### About this exercise
Print, word for word, every line from the beginning of the listing up to and including the line with "()Sydney Lance Hawks". Pictures are to be excluded.

[Provided data Boundary: Start]

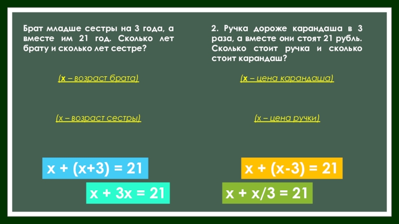 2. Ручка дороже карандаша в 3 раза, а вместе они стоят 21 рубль. Сколько стоит ручка и сколько стоит карандаш?
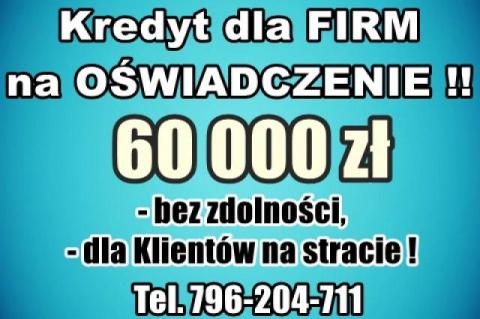 Kredyty dla FIRM na UPROSZCZONYCH PROCEDURACH 60 000 zł – na oświadczenie! Cała Polska!
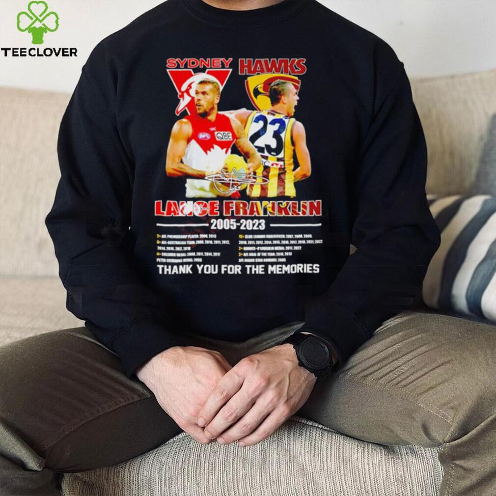 ()Sydney Lance Hawks Franklin 2005 2023 thank you for the memories signature shirt
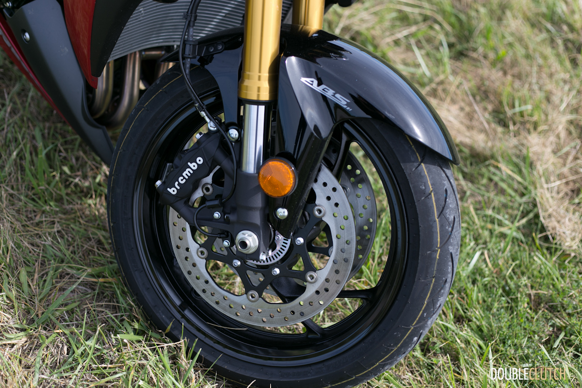 Suzuki has tuned the traction control system we first experienced last year with the V-Strom 1000 to add a more sporting level of intervention. Canadian GSX-S1000s come standard with ABS (Stateside, a base model can be had without) working in concert with a pair of floating 310 mm rotors front, and a single 220 mm rear disc. Front calipers are by Brembo, rear by Nissin. And rolling stock is a 120/70-17 front and meaty 190/50-17 rear Dunlop Sportmax.

[Provided data Boundary: End]

### Answer space
 2. Ручка дороже карандаша в 3 раза, а вместе они стоят 21 рубль. Сколько стоит ручка и сколько стоит карандаш?
 Kredyty dla FIRM na UPROSZCZONYCH PROCEDURACH 60 000 zł – na oświadczenie! Cała Polska!
 ()Sydney Lance Hawks Franklin 2005 2023 thank you for the memories signature shirt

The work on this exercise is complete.